Nothing but the lines from the start of the entries through the line holding "近日,騰訊推出一款免費無廣告" is to be repeated, exactly and with pictures excluded.

● ● ● ●

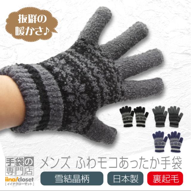 手袋 メンズ プレゼント 暖かい 裏起毛 おしゃれ 日本製 冬 ニット ふわモコ 雪結晶柄
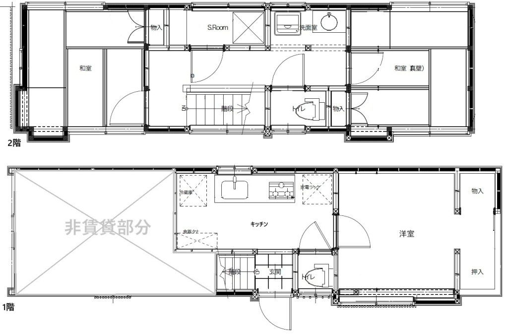 | 種別/構造 | 一戸建て/木造 | 階部分/階建て | 地上1・2階部分/地上2階建て | 方位 | |
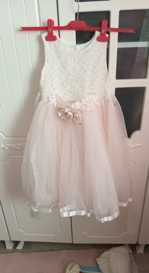 Dantel işlemeli üst kısmı ve çiçek detaylı beliyle pembe, kolsuz kız çocuk elbisesi. Yumuşak ve hafif kumaştan etek, saten kenarlı.
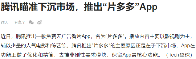 近日,騰訊推出一款免費無廣告看片App,名為“片多多”。騰訊推出“片多多”的主要原因還是在於下沉市場。
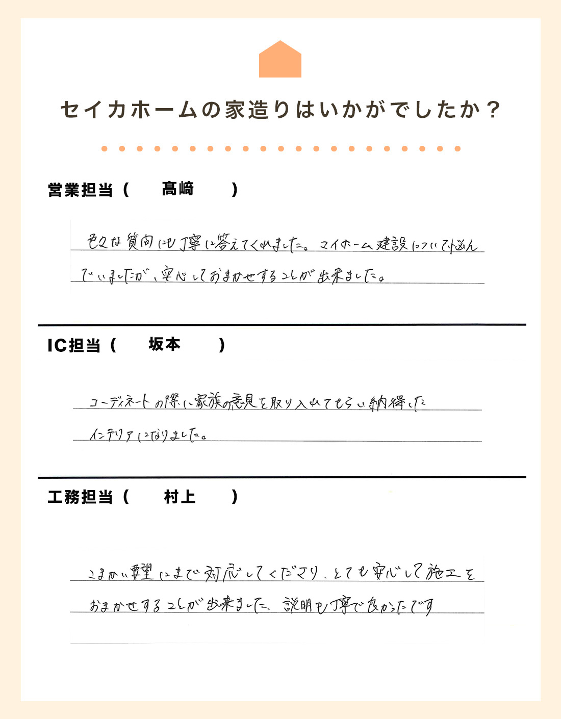 株式会社セイカホームは熊本のローコスト注文住宅ハウスメーカーです。超ローコスト968万円注文住宅「ハピネスエイチ」を始め、低価格で住宅性能に優れた新築注文住宅を提供しています。ローコスト平屋「ハピネスエイチ」、人気の「スマイル」、低価格&使いやすい間取りが嬉しい「ままはぴ」、平屋の注文住宅「縁-EN-」なども好評です。セイカホームは人々が日々を暮らす「家」と「快適な住まいづくり」を通じて、熊本と福岡の皆様の普段の生活をもっと豊かにする地域の工務店でありたいと考えています。また、セイカホームの特徴は「住宅ローンに強い」こと。住宅ローン各種(フラット35・フラット40・おまとめローンなど)・住宅ローン相談随時実施中です!

● ● ● ●

## [TASK ANSWER]
 手袋 メンズ プレゼント 暖かい 裏起毛 おしゃれ 日本製 冬 ニット ふわモコ 雪結晶柄
 | 種別/構造 | 一戸建て/木造 | 階部分/階建て | 地上1・2階部分/地上2階建て | 方位 | |
 Dantel işlemeli üst kısmı ve çiçek detaylı beliyle pembe, kolsuz kız çocuk elbisesi. Yumuşak ve hafif kumaştan etek, saten kenarlı.
 近日,騰訊推出一款免費無廣告看片App,名為“片多多”。騰訊推出“片多多”的主要原因還是在於下沉市場。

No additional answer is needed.